К сгущенке у нас есть круглые гуманитарные печенюшки, присланные нам Борис Николаичем. По тридцать штук на брата. Хорошо все-таки, что у нас самый маленький в баталь оне взвод – гуманитарку делить легче.
Еще в посылках были новогодние открытки. «Дорогой российский воин, – писал нам президент, – в этот трудный и нелегкий для Родины час, когда темные силы… Не уступим и пяди… Дадим отпор… Но не забывай, что твой долг – не только защищать конституционный строй, но и отдать свой голос на приближающихся выборах. Надеюсь, что в этот день ты сделаешь правильный выбор».
– И пусть земля тебе будет пухом, – добавляет Олег.
– Аминь, – говорит Пинча.
Выбор сделать нам так и не удалось. Агитаторы с передвижными кабинками для голосования плюнули на все и туда, где стреляют, не поехали.
– Который час, Олежа? – спрашиваю я.
– Без пяти, – отвечает Олег. Он единственный в нашем взводе, у кого есть часы. Олег раздобыл их еще в Грозном и с тех пор бережет как зеницу ока.
– Ну что ж, джентльмены, приступим, пожалуй.
Мы чокаемся кружками с чаем, выпиваем и наваливаемся на сгущенку, зачерпывая ее печенюшками. Сгущенка! Бог ты мой! Дома я терпеть ее не мог, здесь же банка сгущенки – предел моих мечтаний. Однажды в Грозном «чехи» вырезали блокпост – положили солдат рядком вдоль дороги и перерезали им горло. Мы не видели этого. Когда мы там оказались, уже никого не было. Только в землянке на полу стояла банка сгущенки. Под банкой – мина, «лепесток». Если встать на нее – ничего не будет, но, как только уберешь ногу… «Здравствуй, мама, возвратился я не весь, вот нога моя, в чулан ее повесь». Пиноккио обмотал банку проволочкой от ПТУРа, зашел за угол и дернул.
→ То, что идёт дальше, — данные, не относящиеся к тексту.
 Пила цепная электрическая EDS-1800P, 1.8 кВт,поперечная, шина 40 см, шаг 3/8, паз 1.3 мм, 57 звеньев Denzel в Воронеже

Тогда мы съели эту сгущенку прямо на блокпосту, зачерпывая липкую сладость грязными пальцами. Здесь убили наших товарищей, а мы ели сгущенку. Нам не казалось это кощунством: парни уже умерли, и им было наплевать, что говорят и как ведут себя солдаты, которые ходят по этому блокпосту. Каждый из нас мог бы быть на их месте. И если бы наши товарищи были живы, мы сделали бы все, чтобы их вытащить, но они умерли.
Наевшись, мы отвалились от ящика, довольно поглаживая сытые животы. Закурили.
Блин-компот, до чего же хорошо все-таки! Новый год. Сгущенка. И президент о нас помнит.
– Олежа, который час?
– Десять минут первого.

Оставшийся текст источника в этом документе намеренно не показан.